Please repeat word for word the line containing "予定されている今後のスケジュ" and every following line up to and including the last one below, pictures excluded.
::: EXTRACTED ENTRIES
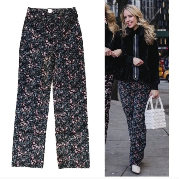 La Vie Rebecca Taylor Lisette Floral cotton Velvet High Waist Pants new Purple Size 25 - $78 - From Miriam
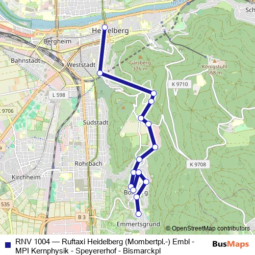Bus RNV 1004 - Ruftaxi Heidelberg (Mombertpl.-) Embl - MPI Kernphysik - Speyererhof - Bismarckpl in Heidelberg: Stops & Timetable
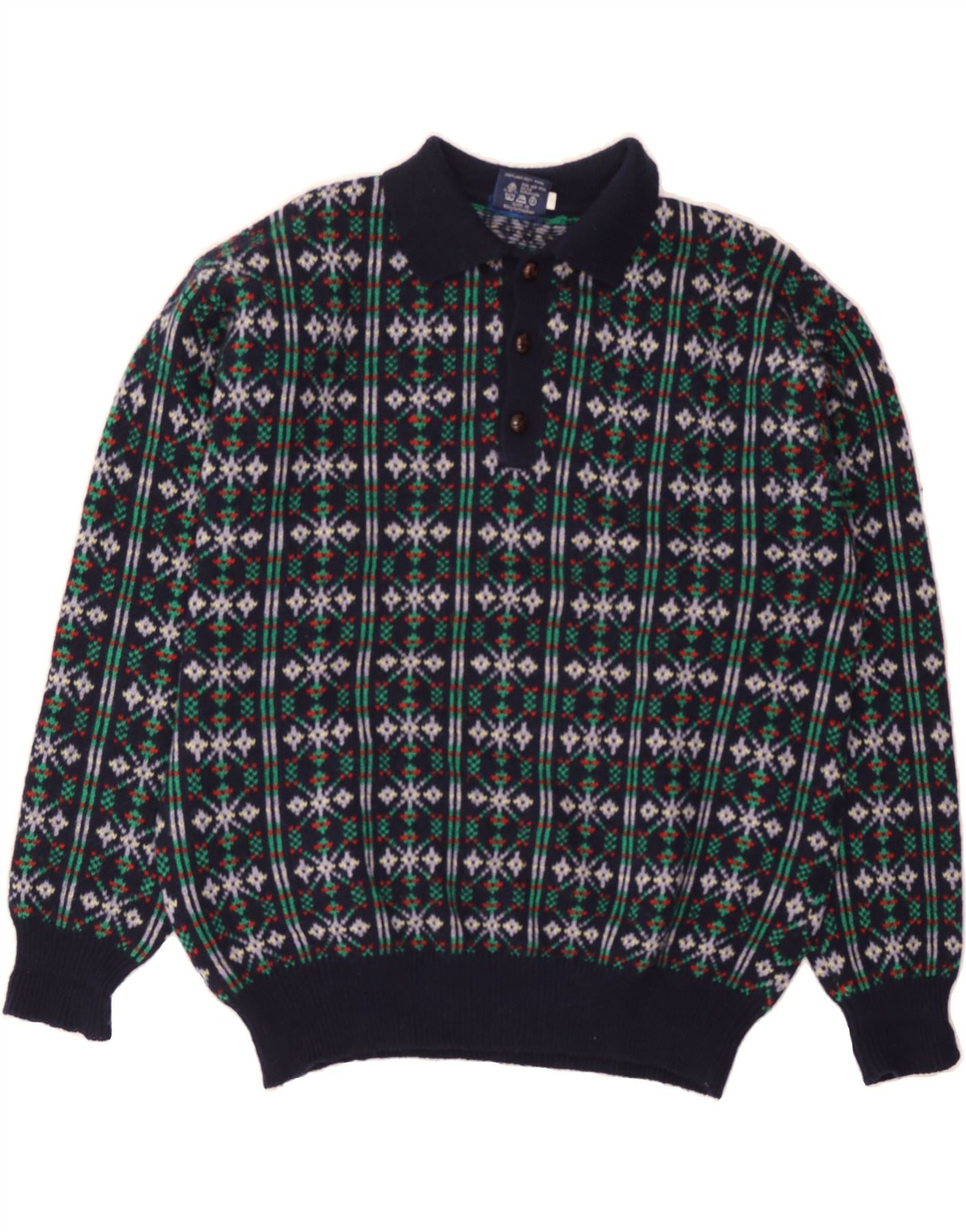 MC NEAL Mens Polo Neck Jumper Sweater XL Navy Blue Fair Isle Wool
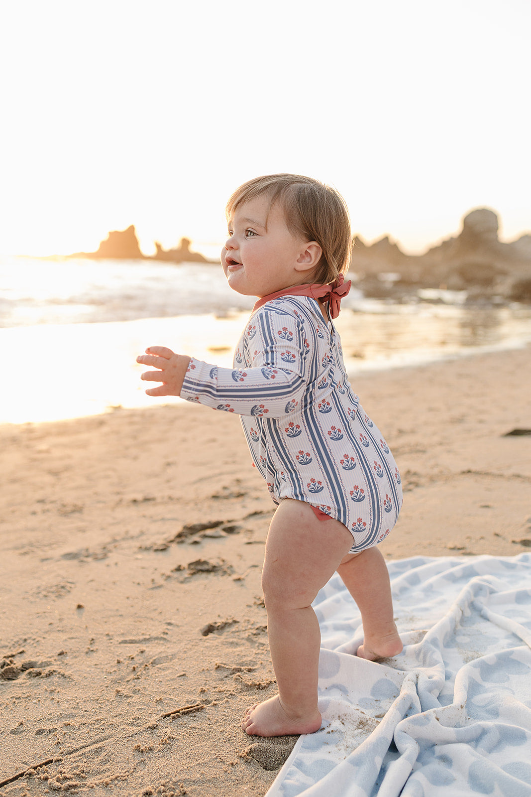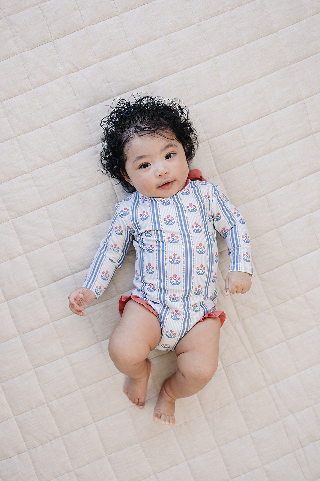 Our Block Print Floral One-Piece is a dreamy blend of vintage charm and swim-ready style. Featuring a delicate block print floral, this suit feels heirloom-inspired while still being perfect for all their splash-filled adventures.
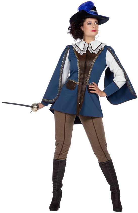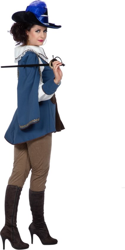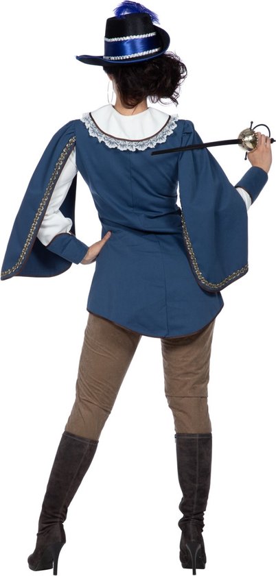 - Costume de Dame Mousquetaire Blauw - Tailles disponibles : Taille 36 à 48 - Composé de : Pantalon et veste - Matière : Polyester Hors accessoires !
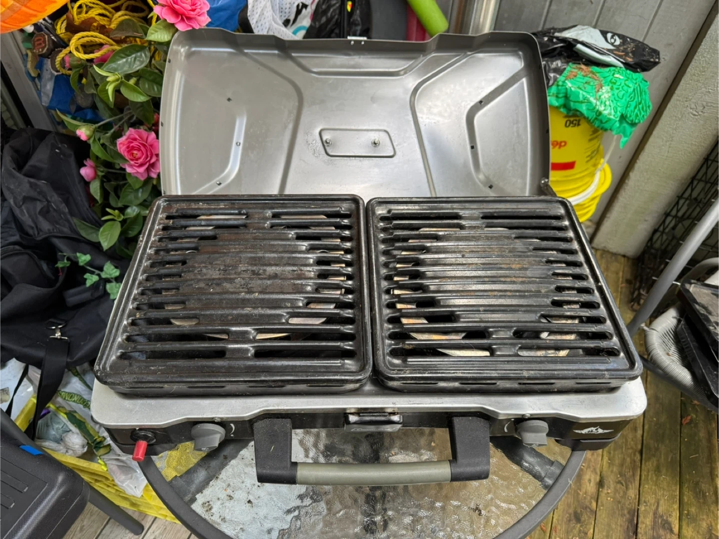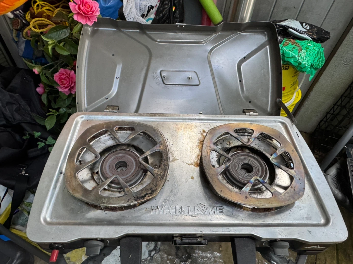 Coleman Hyperflame known for it’s wind resistant flame. It’s great for quick heat while efficient on fuel. Perfect for camping. Boils water in minutes. Only issue is the lid requires a fix. The rivets broke off but it can be fixed with new screws. Other than that the stove works great.
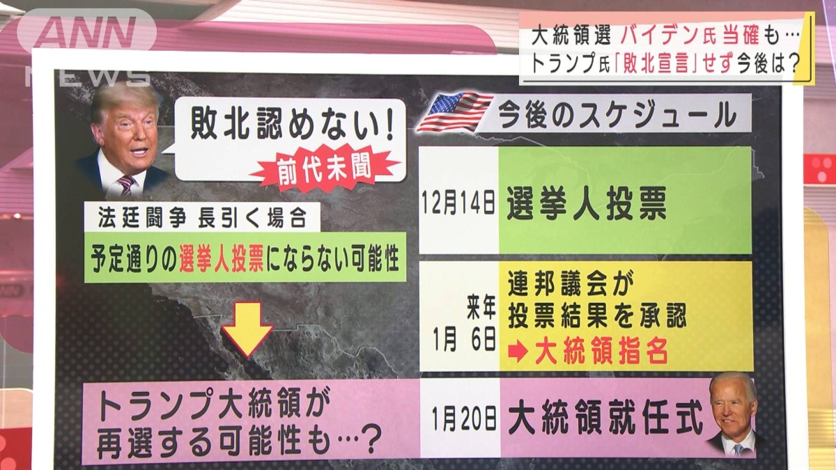 予定されている今後のスケジュールを確認していくと、来月14日に各州の選挙人による投票を経て、来年1月6日に連邦議会が投票結果を承認して大統領を指名となります。1月20日に大統領の就任式が予定あり、すんなり行けば「バイデン新大統領」が誕生となります。ただ、トランプ大統領が「敗北宣言」をしない「前代未聞」の事態となっていて、このスケジュール通りとはいかない場合もあります。このまま法廷闘争という「異例の事態」が続けば、各州で選ばれる「選挙人の投票」が予定通りに行えないことも考えられます。その場合、トランプ大統領が再選する可能性もわずかながら残されています。
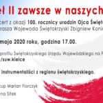 W internetowym wydarzeniu pod nazwą „Jan Paweł II zawsze w naszych sercach” wystąpią w nim wokaliści i instrumentaliści z województwa. Gościem specjalnym będzie biskup Marian Florczyk, a koncert poprowadzi dziennikarka Radia Kielce Magdalena Sitek.
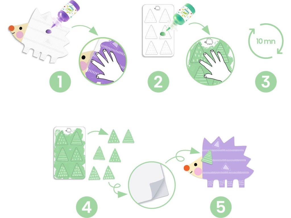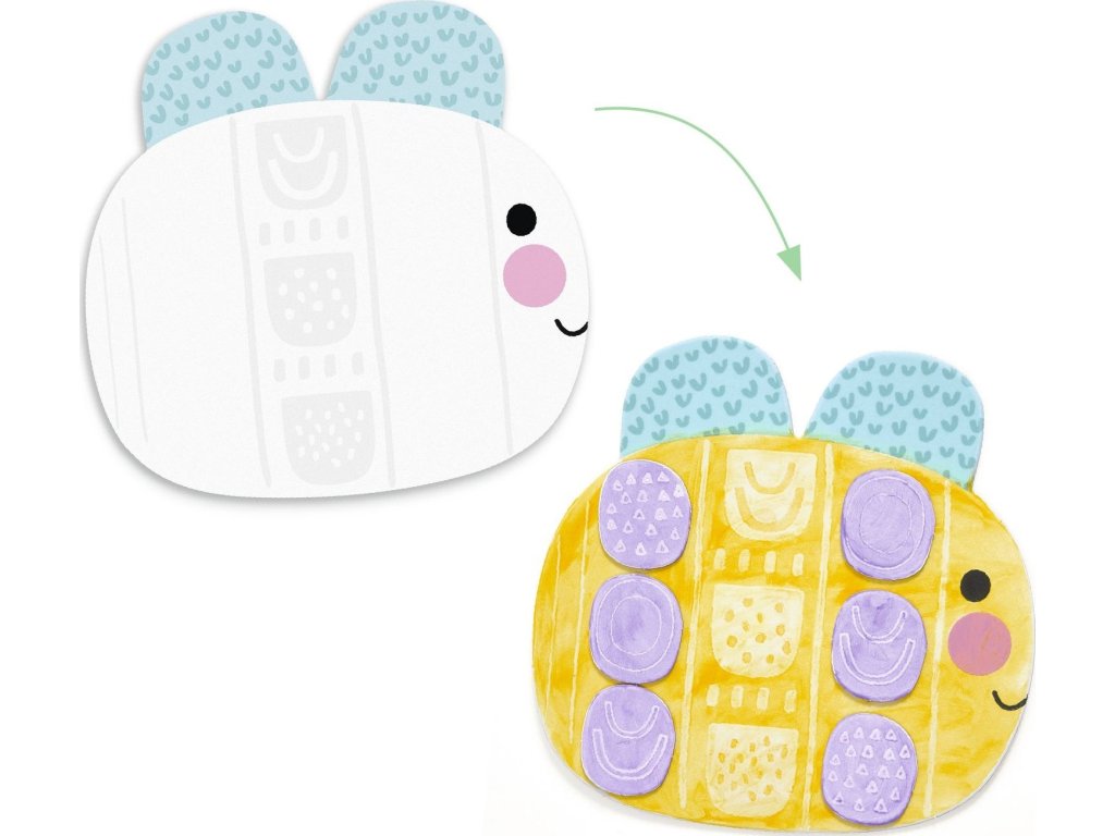 Tvořivá sada, se kterou děti od 18 měsíců objeví kouzlo prstových barev. Stačí pár kapek barvy a na zvířátkách se začnou objevovat kouzelné vzory. Nakonec je mohou děti ozdobit samolepkami a dodat jim ještě roztomilejší vzhled. Sada obsahuje i praktickou papírovou podložku, takže tvoření je snadné a bez nepořádku. Skvělý způsob, jak se hravou formou seznámit s barvami a tvary.
::::::
[COMPLETED EXERCISE]
 予定されている今後のスケジュールを確認していくと、来月14日に各州の選挙人による投票を経て、来年1月6日に連邦議会が投票結果を承認して大統領を指名となります。1月20日に大統領の就任式が予定あり、すんなり行けば「バイデン新大統領」が誕生となります。ただ、トランプ大統領が「敗北宣言」をしない「前代未聞」の事態となっていて、このスケジュール通りとはいかない場合もあります。このまま法廷闘争という「異例の事態」が続けば、各州で選ばれる「選挙人の投票」が予定通りに行えないことも考えられます。その場合、トランプ大統領が再選する可能性もわずかながら残されています。
 W internetowym wydarzeniu pod nazwą „Jan Paweł II zawsze w naszych sercach” wystąpią w nim wokaliści i instrumentaliści z województwa. Gościem specjalnym będzie biskup Marian Florczyk, a koncert poprowadzi dziennikarka Radia Kielce Magdalena Sitek.
 Tvořivá sada, se kterou děti od 18 měsíců objeví kouzlo prstových barev. Stačí pár kapek barvy a na zvířátkách se začnou objevovat kouzelné vzory. Nakonec je mohou děti ozdobit samolepkami a dodat jim ještě roztomilejší vzhled. Sada obsahuje i praktickou papírovou podložku, takže tvoření je snadné a bez nepořádku. Skvělý způsob, jak se hravou formou seznámit s barvami a tvary.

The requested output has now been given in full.